* _DATA EXTRACT_:
—————

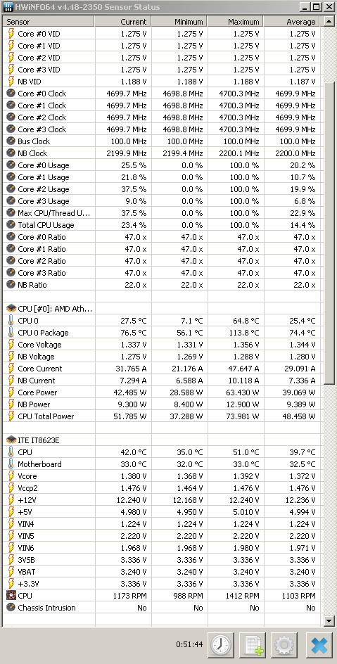 backtofuture Глюк какой то: cpu0 есть, а cpu1-3 нет. Судя по минимальному значению для cpu0 в 7.1 градус, на этот "датчик" ориентироваться не стоит. Скачай AMD Overdrive там нормально показывает, как мне показалось.
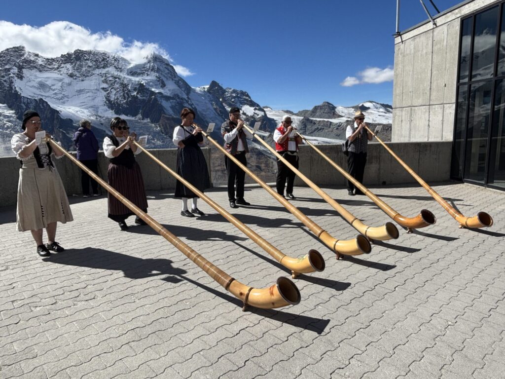 赤いベスト、黒のスカート、帽子など、伝統的な衣装を身にまとった人たちが、ずらりと並んで長いホルンを構える姿は、まるでスイスのポストカードの中に入り込んだみたい。
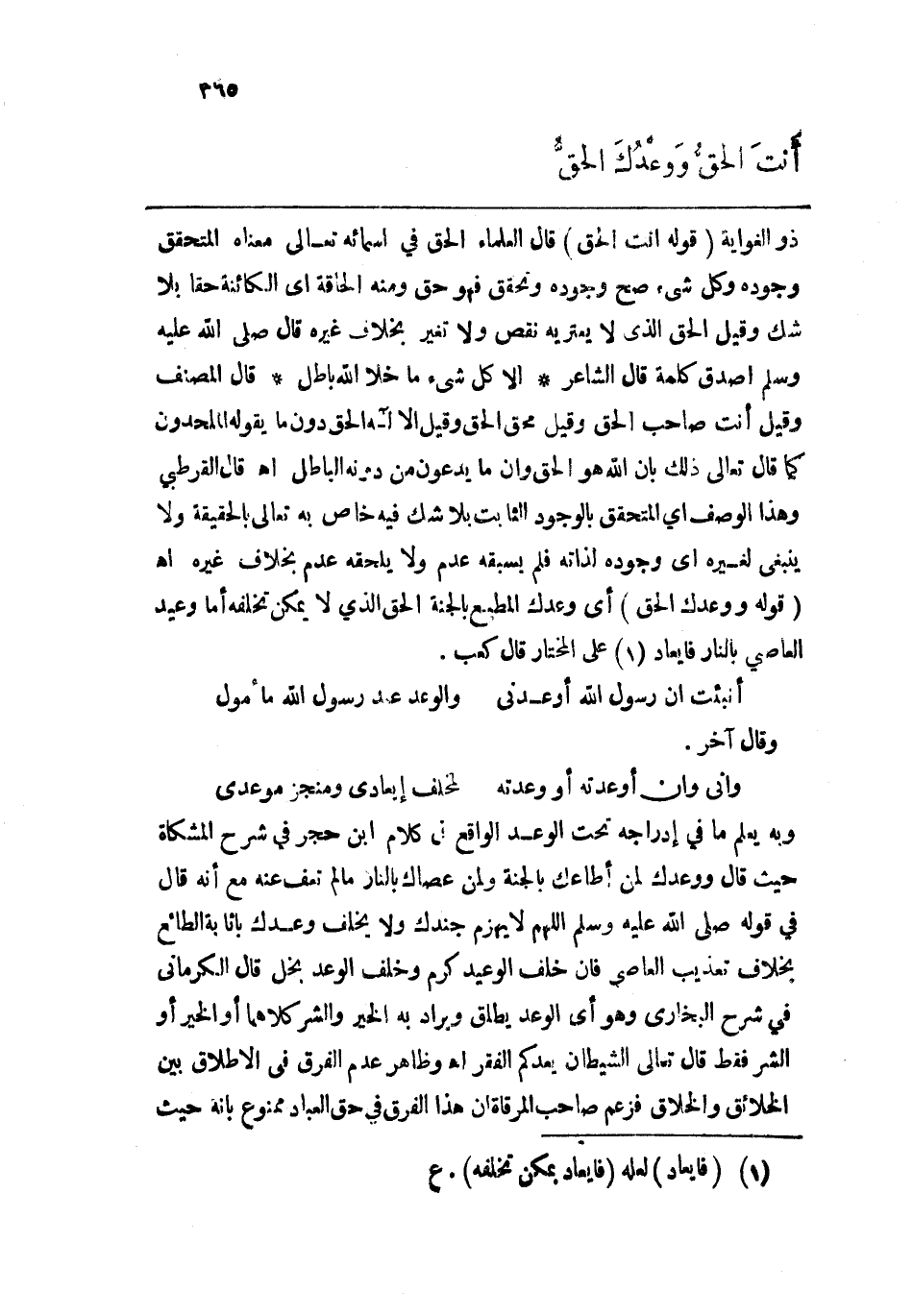 وبه يعلم ما في إدراجه تحت الوعد الواقع في كلام ابن حجر في شرح المشكاة حيث قال ووعدك لمن أطاعك بالجنة ولمن عصاك بالنار ما لم تعف عنه مع أنه قال في قوله - صلى الله عليه وسلم - اللهم لا يهزم جندك ولا يخلف وعدك بإثابة الطائع بخلاف تعذيب العاصي فإن خلف الوعيد كرم وخلف الوعد بخل قال الكرماني في شرح البخاري وهو أي الوعد يطلق ويراد به الخير والشر كلاهما أو الخير أو الشر فقط قال تعالى: {الشَّيطانُ يَعِدُكُمُ الفَقْرَ} [البقرة: 268] وظاهر عدم الفرق في الإطلاق بين الخلائق والخلاق فزعم صاحب المرقاة إن هذا الفرق في حق العباد ممنوع بأنه حيث

—————

* _TASK ITEM_: The line containing "赤いベスト、黒のスカート、帽" marks the end; please output exactly the lines of the listing above from its first line through that line, without pictures.

* _RESPONSE TO THIS EXERCISE_:
 backtofuture Глюк какой то: cpu0 есть, а cpu1-3 нет. Судя по минимальному значению для cpu0 в 7.1 градус, на этот "датчик" ориентироваться не стоит. Скачай AMD Overdrive там нормально показывает, как мне показалось.
 赤いベスト、黒のスカート、帽子など、伝統的な衣装を身にまとった人たちが、ずらりと並んで長いホルンを構える姿は、まるでスイスのポストカードの中に入り込んだみたい。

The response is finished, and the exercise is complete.